Investigative journalist and anthropologist Scott Carney has worked in some of the most dangerous and unlikely corners of the world. In the the first half, he talked about his explorations into cult psychology, and human organ trafficking in India, as well as the science that allows humans to push past their perceived limitations, achieve incredible feats, and endure extreme conditions. While directing a seven-day Buddhist meditation retreat in India, that included contemplating what it means to die, one of Carney's students, Emily O'Connor, ended up committing suicide on the last night of the program. In her journal, she wrote "I am a Bodhisattva," and she thought all she had to do was leave her body to become an enlightened being.
In the aftermath, in which various factions were clamoring for different parts of Emily's body, Carney was led down a twisted investigative journalism path, discovering "hundreds of people, buying and selling human body parts in India, whether it's skeletons, bones or kidneys." Subsequently, he investigated a cult in Arizona called Diamond Mountain, where the death of Ian Thorson, echoed some aspects of O'Connor's suicide and brought to light connections between intensive meditation and possible mental instability. He also detailed his most recent journalistic foray-- studying with Dutch fitness guru, Wim Hof, and learning to control his body temperature in extreme cold, culminating in a trek up snowy Mt. Kilimanjaro clad in nothing but a pair of shorts and sneakers.
In the latter half, author, comic book writer, playwright, and writing teacher/lecturer, Jonathan Maberry discussed the movie that started the zombie craze, zombie subculture, folklore, monsters, Wolfman and more. When George Romero created his influential 1968 film "Night of the Living Dead" he had initially wanted to make "I am Legend," Richard Matheson's vampire apocalypse story, but the rights weren't available. Thus, he riffed on some of Matheson's ideas and changed the vampires into flesh eating ghouls, Maberry revealed. Romero recently collaborated with Maberry on a new anthology book, featuring stories that are set within a 48-hour period of when the original Night of the Living Dead took place, centered around a zombie outbreak at a farmhouse.
Zombies are a great set-up to a story, Maberry pointed out.
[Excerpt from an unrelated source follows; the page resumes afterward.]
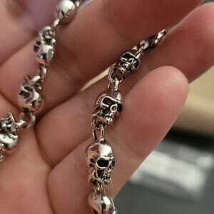 Gothic skull chain men's silver bracelet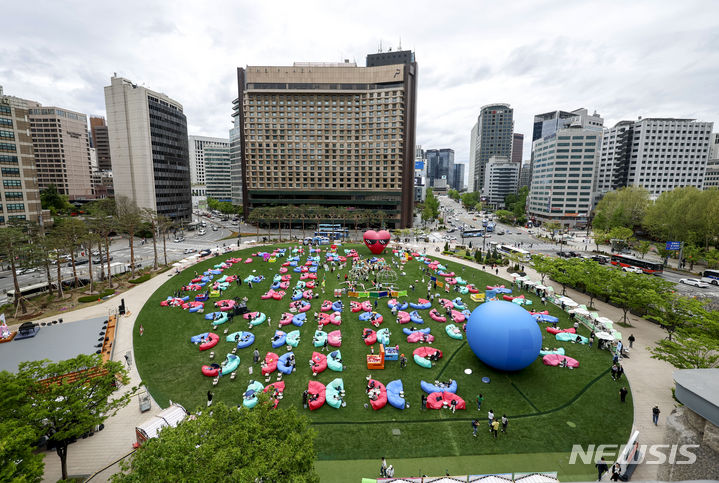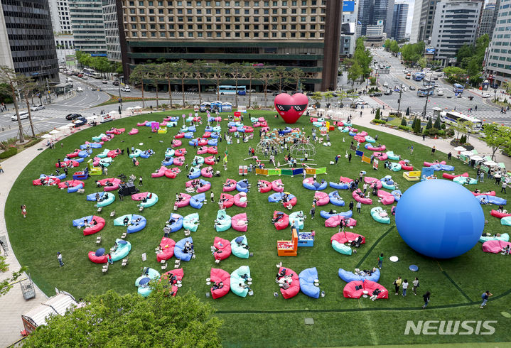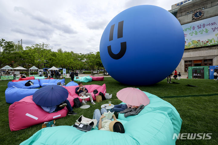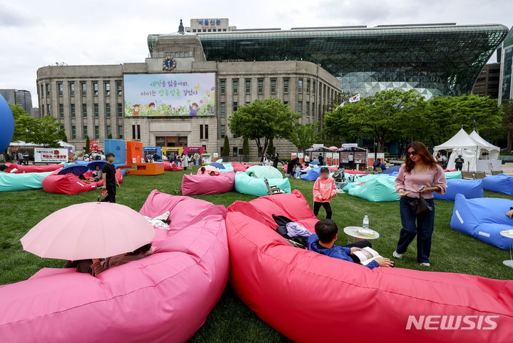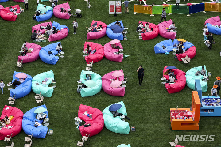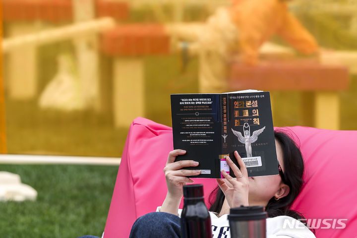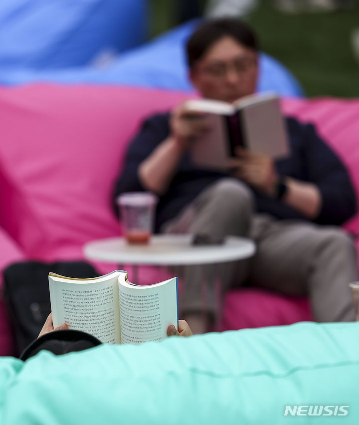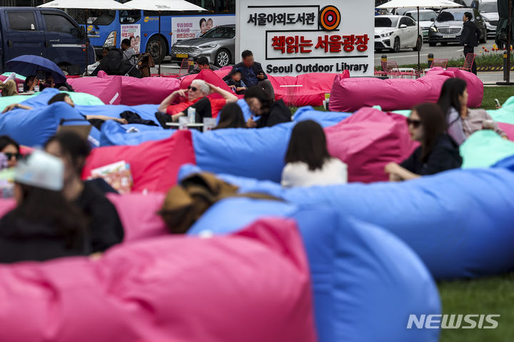 【NEWSIS】 21日、ソウル市中区のソウル広場に設けられた「本を読むソウル広場」で、くつろいで読書をする人々。

Though they present a dire threat, the plot generally revolves around people in crisis rather than the zombies, such as in the hugely successful TV series, The Walking Dead. There are legends of flesh eating monsters in various cultures, he cited, such as the "draugr" in Scandinavia, a sort of ghost/zombie/vampire mix, as well as a flesh eating demon from the Middle East. Overall, there's been a great resurgence in horror writing, as well as horror-themed films, TV shows, and games, and Maberry attributes some of the rise in popularity to social media and people sharing their interests and enthusiasms online.